▸ **Data shown**
_ _ _ _ _ _ _

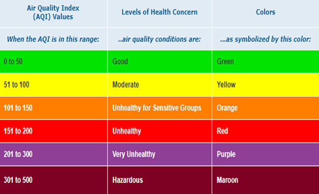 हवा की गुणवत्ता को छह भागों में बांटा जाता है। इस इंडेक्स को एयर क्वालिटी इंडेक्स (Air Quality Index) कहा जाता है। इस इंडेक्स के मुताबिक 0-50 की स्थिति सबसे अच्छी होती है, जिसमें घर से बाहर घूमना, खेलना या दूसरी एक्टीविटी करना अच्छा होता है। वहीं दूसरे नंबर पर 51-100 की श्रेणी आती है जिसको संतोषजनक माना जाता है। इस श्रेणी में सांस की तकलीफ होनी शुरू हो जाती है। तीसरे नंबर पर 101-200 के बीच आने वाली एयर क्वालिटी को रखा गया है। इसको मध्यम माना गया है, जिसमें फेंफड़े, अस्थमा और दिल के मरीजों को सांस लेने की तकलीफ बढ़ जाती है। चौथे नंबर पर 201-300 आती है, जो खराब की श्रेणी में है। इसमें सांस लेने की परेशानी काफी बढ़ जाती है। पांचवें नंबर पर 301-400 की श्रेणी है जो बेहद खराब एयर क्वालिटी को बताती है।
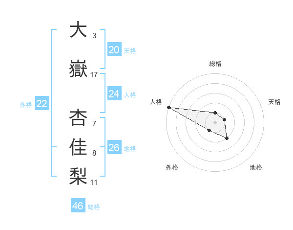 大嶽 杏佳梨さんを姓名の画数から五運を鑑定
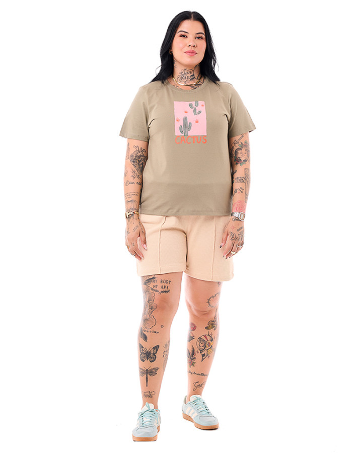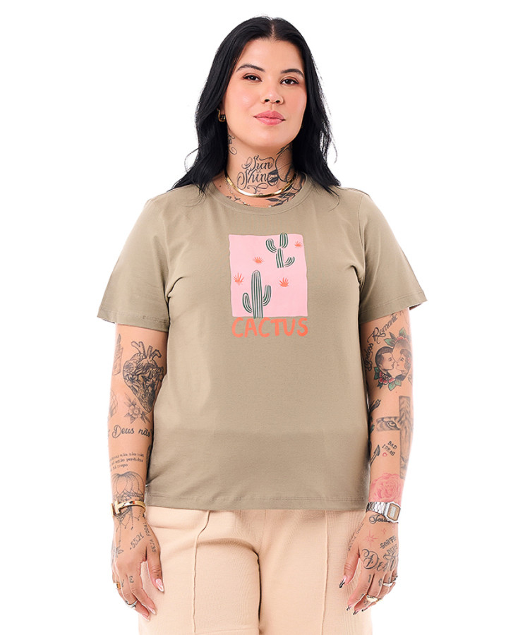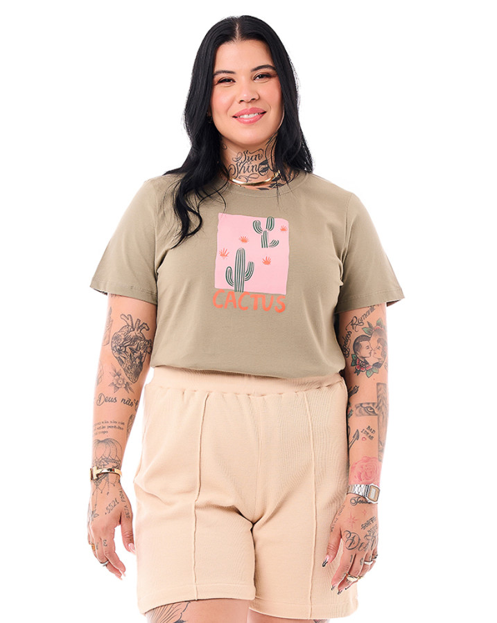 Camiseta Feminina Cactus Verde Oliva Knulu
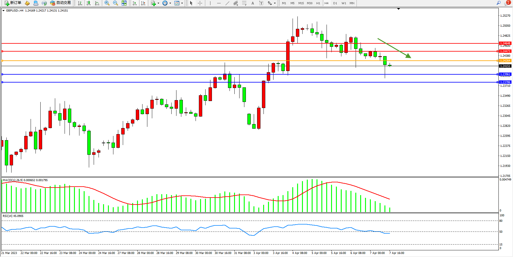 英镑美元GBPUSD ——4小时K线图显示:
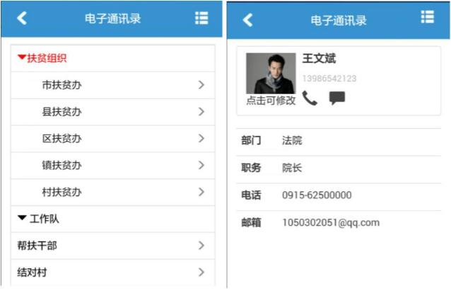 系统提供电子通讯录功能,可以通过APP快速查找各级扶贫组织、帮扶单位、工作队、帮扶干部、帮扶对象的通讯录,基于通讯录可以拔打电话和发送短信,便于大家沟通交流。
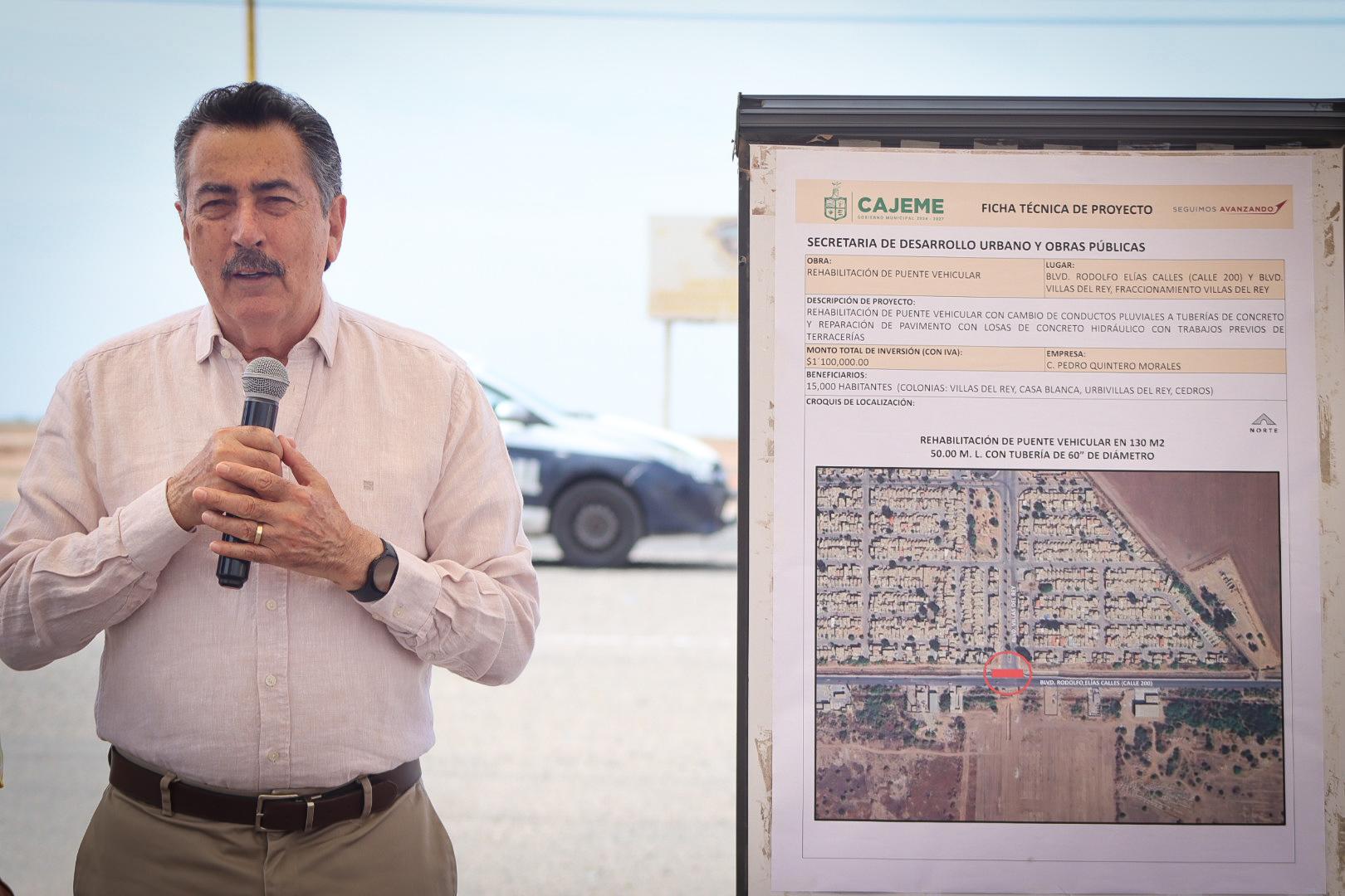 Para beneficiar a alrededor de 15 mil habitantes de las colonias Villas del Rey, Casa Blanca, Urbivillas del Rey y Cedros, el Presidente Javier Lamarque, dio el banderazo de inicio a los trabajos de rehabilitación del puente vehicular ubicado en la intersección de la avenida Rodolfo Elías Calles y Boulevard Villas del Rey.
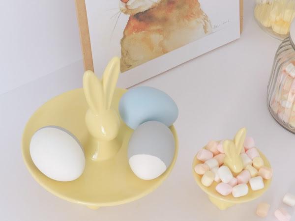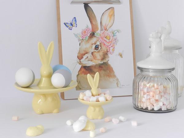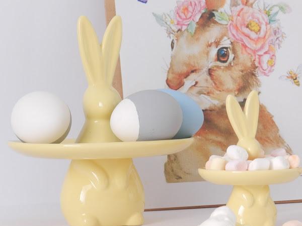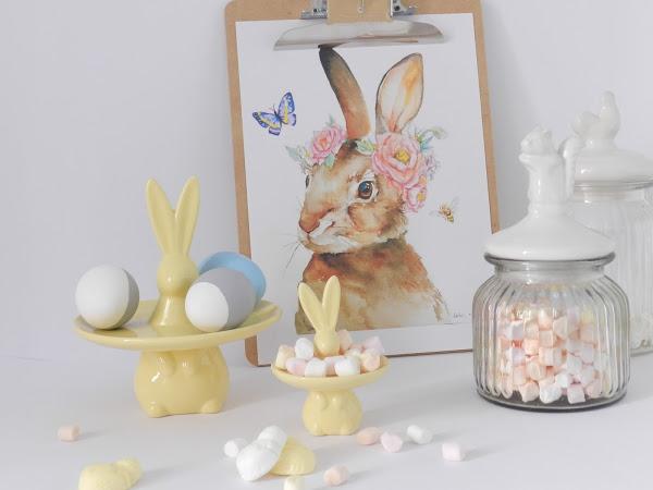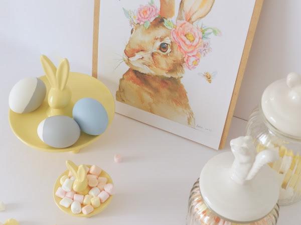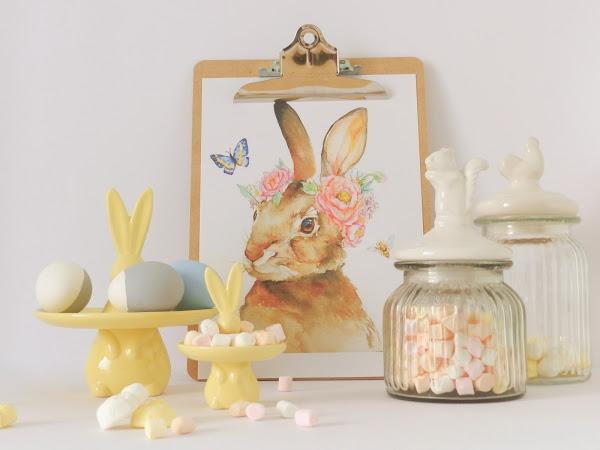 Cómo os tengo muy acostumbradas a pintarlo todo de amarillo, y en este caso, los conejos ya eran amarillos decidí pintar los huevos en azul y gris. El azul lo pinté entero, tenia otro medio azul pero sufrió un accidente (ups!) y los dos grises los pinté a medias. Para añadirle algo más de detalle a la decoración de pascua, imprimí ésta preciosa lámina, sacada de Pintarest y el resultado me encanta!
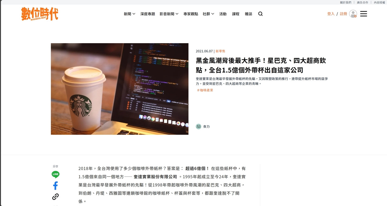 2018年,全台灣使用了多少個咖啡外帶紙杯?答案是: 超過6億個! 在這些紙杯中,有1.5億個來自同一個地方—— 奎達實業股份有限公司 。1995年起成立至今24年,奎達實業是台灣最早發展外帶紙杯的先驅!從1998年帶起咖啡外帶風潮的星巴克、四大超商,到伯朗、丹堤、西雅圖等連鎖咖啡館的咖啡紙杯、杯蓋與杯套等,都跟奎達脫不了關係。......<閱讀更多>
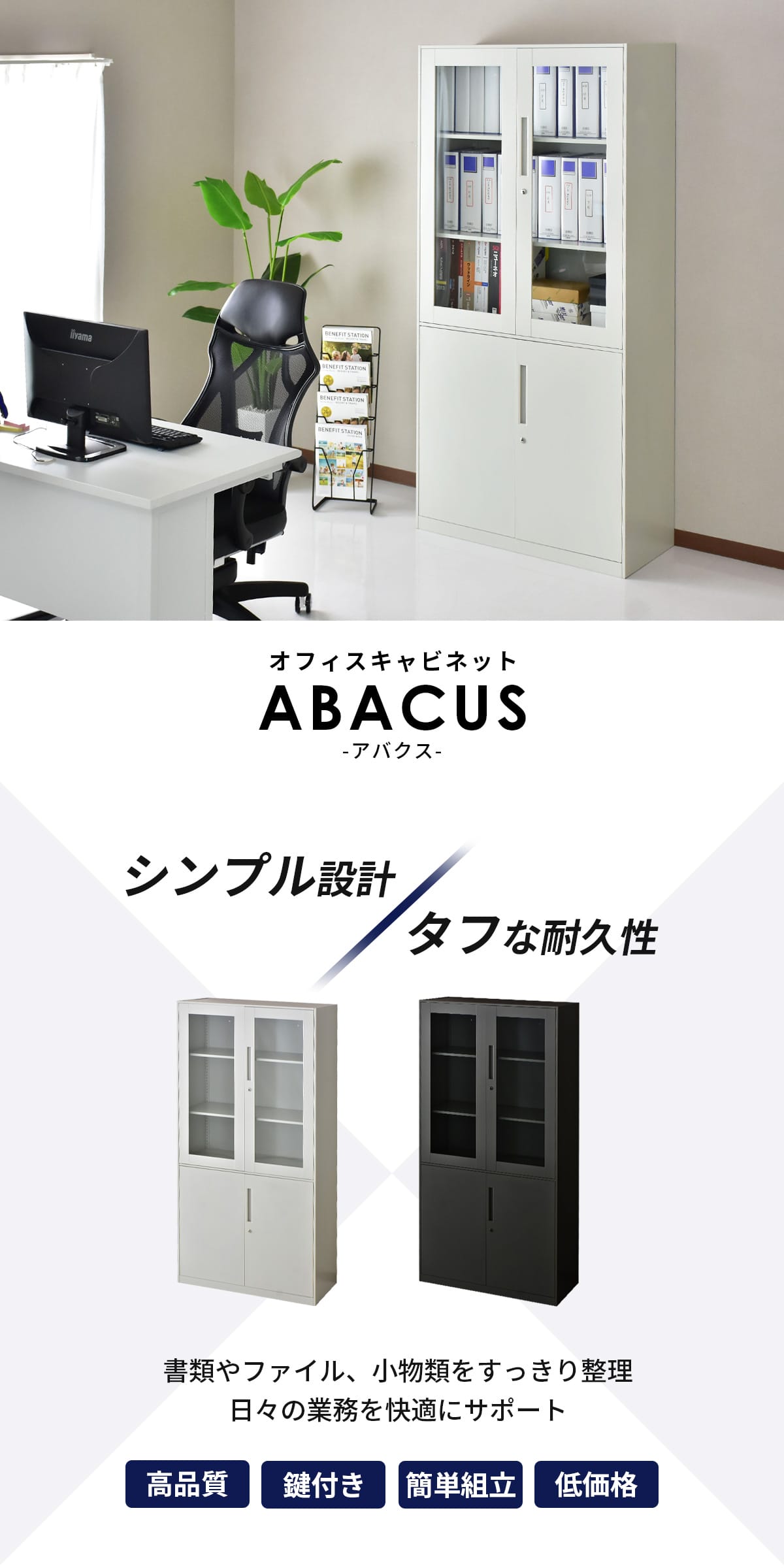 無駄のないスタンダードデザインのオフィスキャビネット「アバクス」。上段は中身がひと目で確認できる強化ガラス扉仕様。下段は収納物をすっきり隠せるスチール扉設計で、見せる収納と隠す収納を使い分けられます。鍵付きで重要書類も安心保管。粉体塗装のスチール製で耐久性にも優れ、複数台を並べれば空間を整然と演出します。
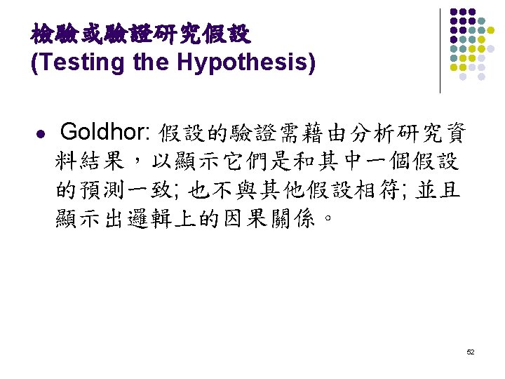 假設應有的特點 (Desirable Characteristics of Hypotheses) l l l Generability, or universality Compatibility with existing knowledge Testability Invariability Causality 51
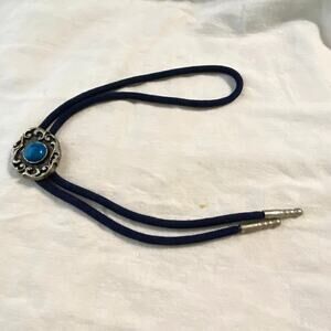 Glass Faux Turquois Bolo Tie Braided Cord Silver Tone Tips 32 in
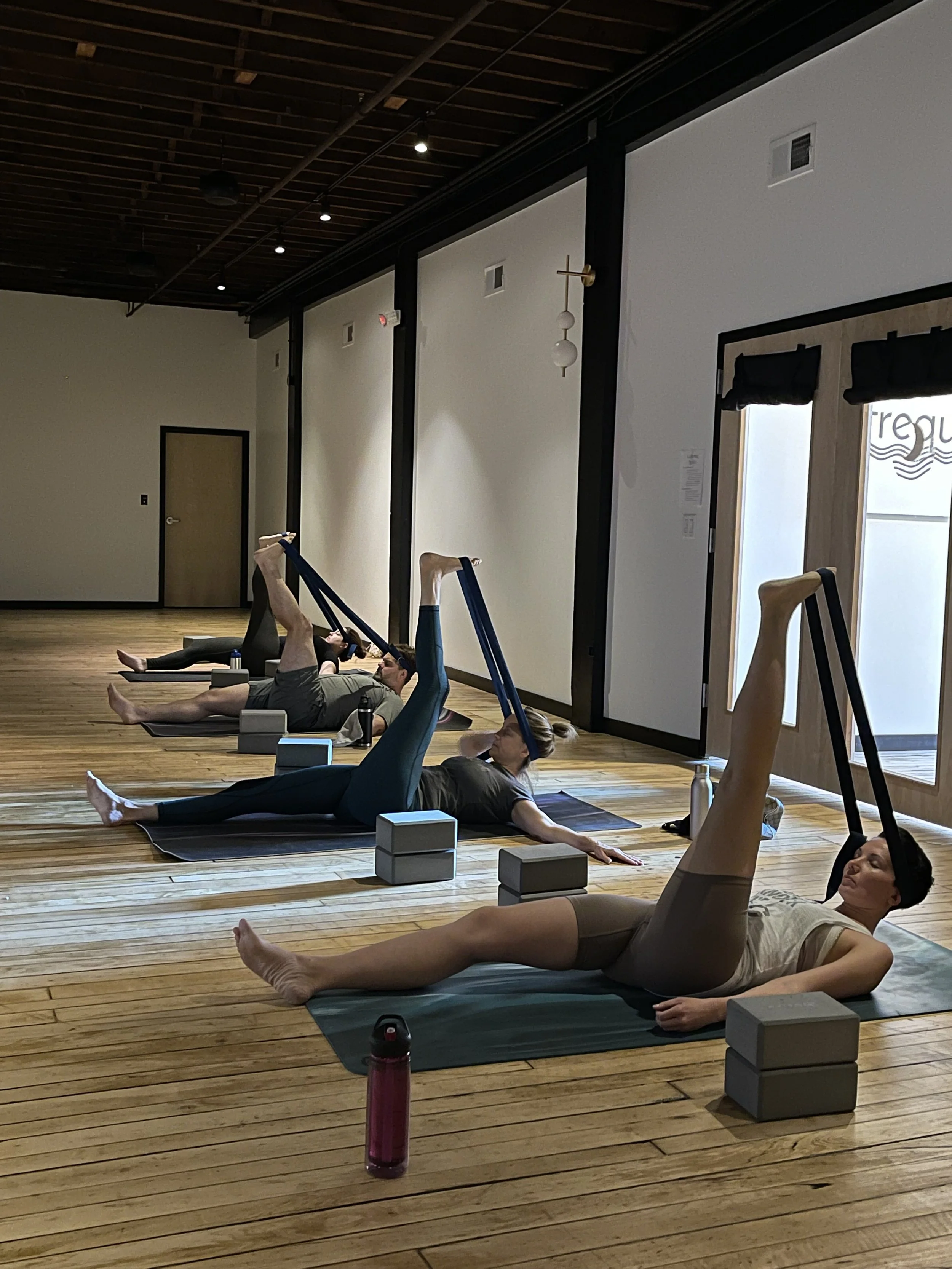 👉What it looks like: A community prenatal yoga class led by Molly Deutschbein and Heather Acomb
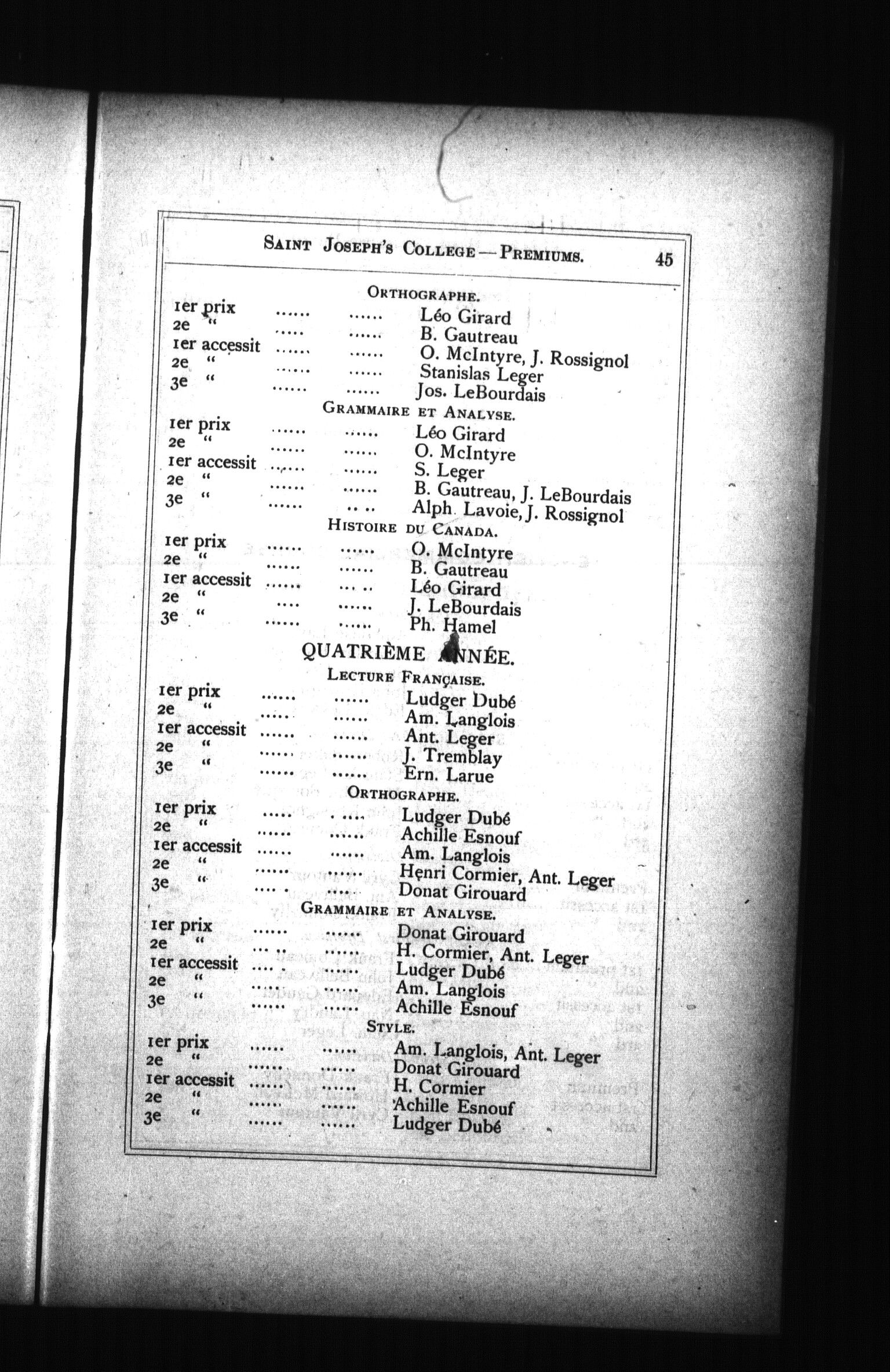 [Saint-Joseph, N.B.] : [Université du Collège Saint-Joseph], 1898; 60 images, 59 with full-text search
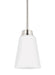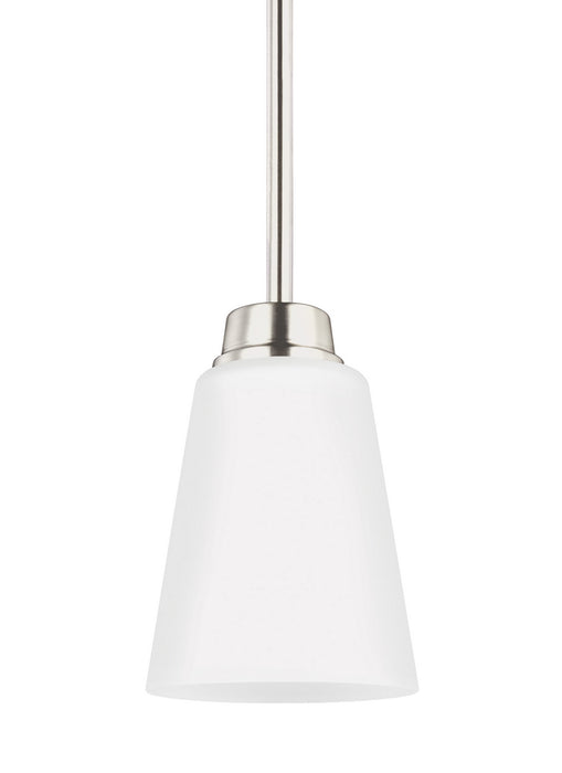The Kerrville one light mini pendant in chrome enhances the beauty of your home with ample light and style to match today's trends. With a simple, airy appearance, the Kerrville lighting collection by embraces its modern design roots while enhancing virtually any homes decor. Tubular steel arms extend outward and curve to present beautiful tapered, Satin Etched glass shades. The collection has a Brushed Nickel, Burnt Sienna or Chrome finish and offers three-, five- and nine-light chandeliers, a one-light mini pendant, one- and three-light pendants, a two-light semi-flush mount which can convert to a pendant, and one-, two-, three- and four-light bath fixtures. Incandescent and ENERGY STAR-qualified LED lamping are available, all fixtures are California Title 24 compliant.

_ _ _ _ _ _ _

▸ **Your goal**
Each line above from the one containing "大嶽 杏佳梨さんを姓名の画数から五運を鑑定" through the one containing "Cómo os tengo" is to be returned verbatim. Nothing else, and no pictures.

▸ **Result of this exercise**
 大嶽 杏佳梨さんを姓名の画数から五運を鑑定
 Camiseta Feminina Cactus Verde Oliva Knulu
 英镑美元GBPUSD ——4小时K线图显示:
 系统提供电子通讯录功能,可以通过APP快速查找各级扶贫组织、帮扶单位、工作队、帮扶干部、帮扶对象的通讯录,基于通讯录可以拔打电话和发送短信,便于大家沟通交流。
 Para beneficiar a alrededor de 15 mil habitantes de las colonias Villas del Rey, Casa Blanca, Urbivillas del Rey y Cedros, el Presidente Javier Lamarque, dio el banderazo de inicio a los trabajos de rehabilitación del puente vehicular ubicado en la intersección de la avenida Rodolfo Elías Calles y Boulevard Villas del Rey.
 Cómo os tengo muy acostumbradas a pintarlo todo de amarillo, y en este caso, los conejos ya eran amarillos decidí pintar los huevos en azul y gris. El azul lo pinté entero, tenia otro medio azul pero sufrió un accidente (ups!) y los dos grises los pinté a medias. Para añadirle algo más de detalle a la decoración de pascua, imprimí ésta preciosa lámina, sacada de Pintarest y el resultado me encanta!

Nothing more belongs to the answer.